### What you should do
Range to copy from the entries below: the line containing "В линейной структуре" through the line containing "About page--Enter this", inclusive. Retype only those lines, exactly, without any images.

### Dataset

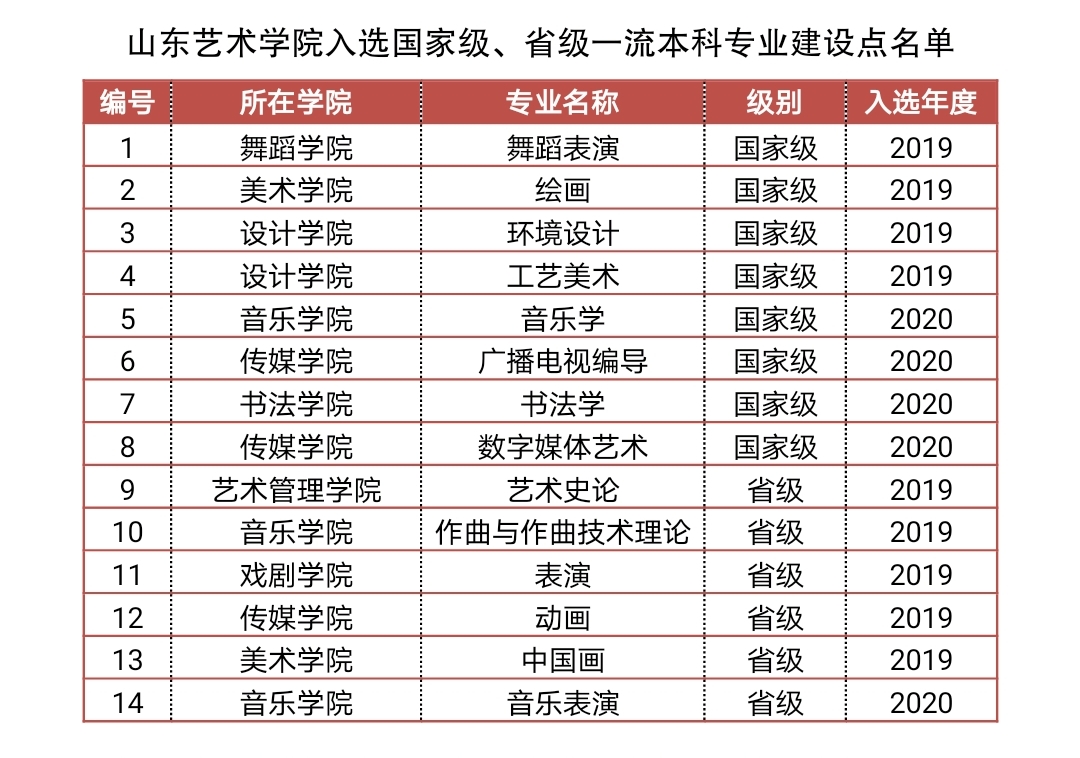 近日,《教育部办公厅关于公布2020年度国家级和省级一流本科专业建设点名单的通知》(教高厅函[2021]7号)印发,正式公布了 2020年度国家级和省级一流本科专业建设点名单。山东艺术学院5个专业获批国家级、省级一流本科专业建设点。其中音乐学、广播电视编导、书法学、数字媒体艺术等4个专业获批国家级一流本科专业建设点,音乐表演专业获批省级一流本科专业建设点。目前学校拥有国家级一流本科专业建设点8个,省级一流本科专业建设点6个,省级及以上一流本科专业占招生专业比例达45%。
...
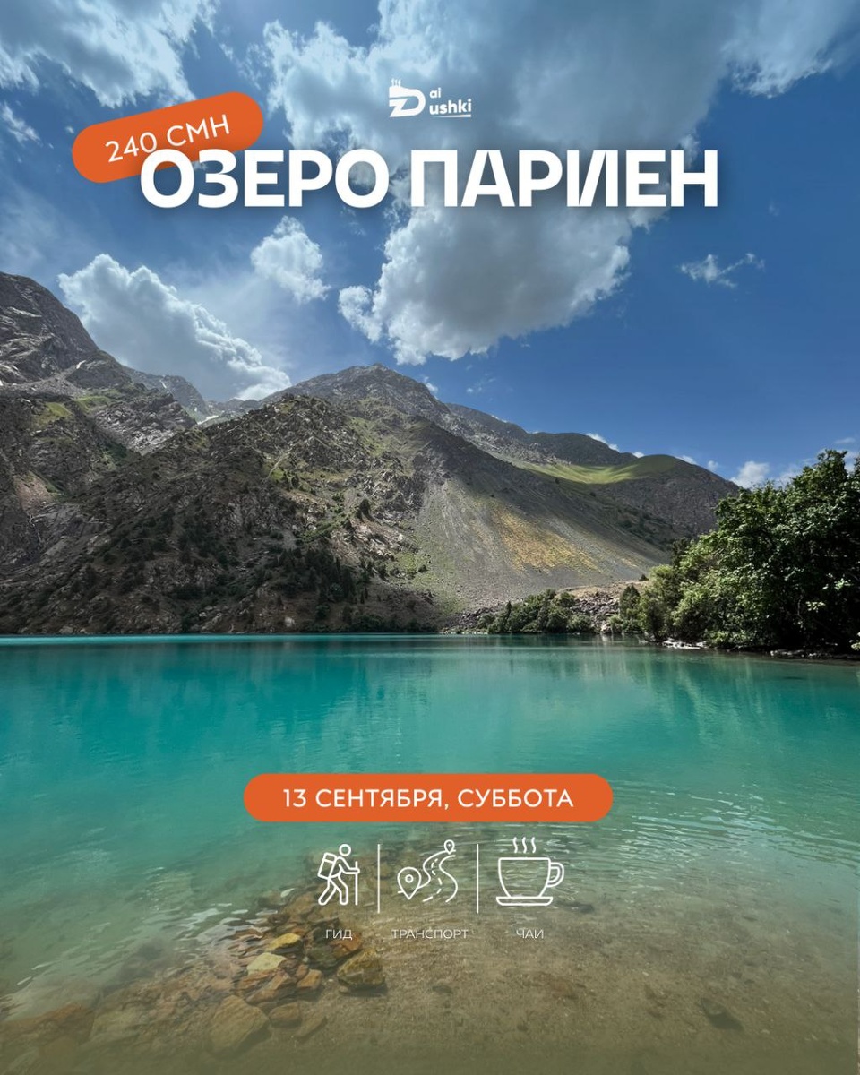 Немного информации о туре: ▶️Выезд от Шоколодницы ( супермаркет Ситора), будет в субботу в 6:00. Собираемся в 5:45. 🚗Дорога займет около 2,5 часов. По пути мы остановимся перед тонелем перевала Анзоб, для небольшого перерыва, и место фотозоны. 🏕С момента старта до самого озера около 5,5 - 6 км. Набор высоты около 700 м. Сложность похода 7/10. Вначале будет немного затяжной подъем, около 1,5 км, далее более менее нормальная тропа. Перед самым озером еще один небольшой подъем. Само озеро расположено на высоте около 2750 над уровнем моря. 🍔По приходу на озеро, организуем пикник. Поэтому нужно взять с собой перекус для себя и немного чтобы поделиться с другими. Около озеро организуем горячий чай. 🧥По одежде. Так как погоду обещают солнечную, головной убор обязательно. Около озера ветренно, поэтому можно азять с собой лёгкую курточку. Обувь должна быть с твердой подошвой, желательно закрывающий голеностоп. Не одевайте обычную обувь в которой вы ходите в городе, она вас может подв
--
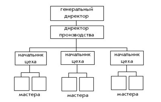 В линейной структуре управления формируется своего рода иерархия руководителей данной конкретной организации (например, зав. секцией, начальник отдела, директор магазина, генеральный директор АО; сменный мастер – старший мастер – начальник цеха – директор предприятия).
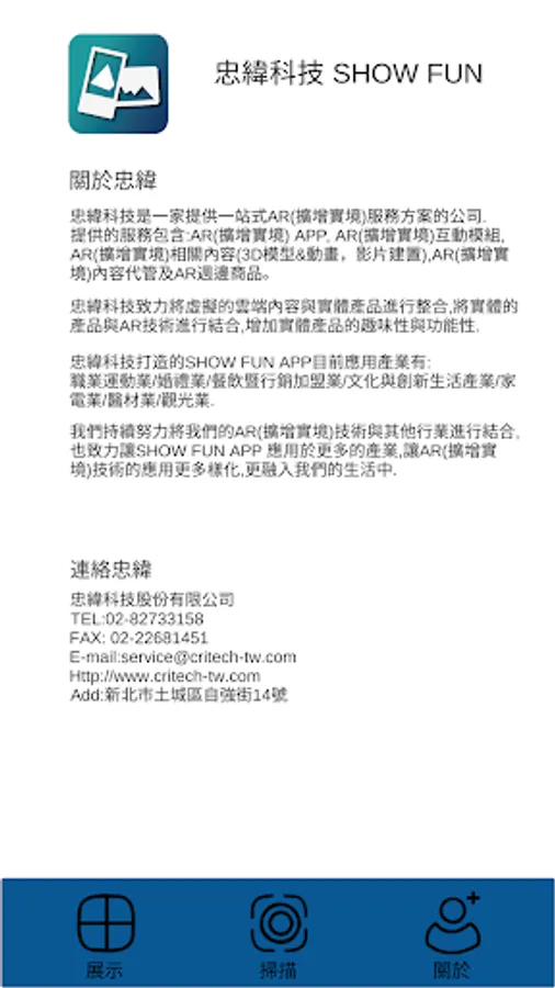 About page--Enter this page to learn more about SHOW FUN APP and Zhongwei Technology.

### Reply to the exercise
 В линейной структуре управления формируется своего рода иерархия руководителей данной конкретной организации (например, зав. секцией, начальник отдела, директор магазина, генеральный директор АО; сменный мастер – старший мастер – начальник цеха – директор предприятия).
 About page--Enter this page to learn more about SHOW FUN APP and Zhongwei Technology.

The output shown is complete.